One final perspective on charisms which needs to be discussed here is found in Oscar Cullmann’s 1986 book Unity Through Diversity. Cullmann’s fundamental thesis in this work is that “every Christian confession has a permanent spiritual gift, a charisma, which is should preserve, nurture, purify, and deepen, and which should not be given up for the sake of homogenization” (Unity Through Diversity, 9). Cullmann is concerned that the frustration of some with an apparent lack of progress towards unity is based on a “false goal” and a false hope of homogenization, which has no basis in the New Testament (14). The goal of unity should rather be a “union of all Christian churches within which each would preserve its valuable elements, including its structure” (15).
In making this argument, Cullmann claims to be drawing upon Paul’s understanding of the Church, which is “entirely based upon this fundamental truth of the variety of charisms” (18). Basing his argument on the Pauline texts that deal with the charismatic gifts, he argues that unity can exist through diversity, rather than in spite of diversity. The function of the Spirit in Pauline community is to create diversity, and yet “this does not cause fragmentation, since every member is oriented to the goal of the unity of the whole body” (17). While he acknowledges that the Pauline image of the body and its parts was not originally intended to apply to churches, he argues that it is consistent with the meaning of Paul’s charismatic theology, and that Paul does, in other places, ascribe various “gifts” to different churches.
I expected to hear more from Cullmann on this point, but his sole support is a reference Romans 1:11 as an example of Paul ascribing a “particular mission to each of the different churches.” He goes on to argue that Paul views the one church to be present in each local church, a point which he believes underscores the idea of a “union of churches” where all are given equal ecclesial status (17).
Cullmann insists that he is not suggesting that things should simple remain as they are between the churches. He suggests that relations between the churches should proceed on the basis of attempting to speak frankly to one another about the charism or charisms that we see in each other’s traditions (19). He also notes that there are often “peculiarities” or “distortions” of the charismatic gifts that need to be weeded out by careful self-examination (16). For example, Cullmann identifies essential charisms of the Lutheran and Reformed traditions as “concentration on the Bible” and “freedom,” but notes that these are often found in their corresponding distorted form biblicism and anarchy (20).
What clearly sets Cullmann apart in his proposals is that he speaks of a charism as being at the root of “every confession,” and that he argues that separation and autonomy might be necessary in order for these charisms to be safeguarded.

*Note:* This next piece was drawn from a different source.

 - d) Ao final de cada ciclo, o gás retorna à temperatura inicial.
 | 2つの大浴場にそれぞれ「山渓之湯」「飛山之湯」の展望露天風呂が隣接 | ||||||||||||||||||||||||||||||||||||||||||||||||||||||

The sinful element in these historic divisions is not the fact that churches are separate, but the fact that the separations have been hostile, rather than peaceful.
But in order to preserve certain charisms in their pure form, it was perhaps also necessary hat completely autonomous churches came into being (the Orthodox and the churches that derived from the Reformation). This would not necessarily and as such have led to a hostile separation which would have excluded every kind of fellowship (koinonia), the “right hand of fellowship” could have been extended here too, despite the aspect of continuing separation, as at the apostolic council (cf. Gal. 2:9; Acts 15:1-31) (31).

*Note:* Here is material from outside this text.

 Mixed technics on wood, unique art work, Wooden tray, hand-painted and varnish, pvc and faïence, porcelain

What Cullmann is arguing for, then, is a unity in continued separation, in which churches would remain autonomous but share in fellowship through a council or other structure of some kind.
The main thing is the achievement of a koinonia that is a true unity through diversity. However it is developed as a conciliar organization, it should, without itself being the church as the body of Christ, guarantee unity through the fact that it brings to expression and awareness that in each of the individual churches that belong to it, and with its particular charisms, confessional structure, faith and life, the ONE universal church is present (64).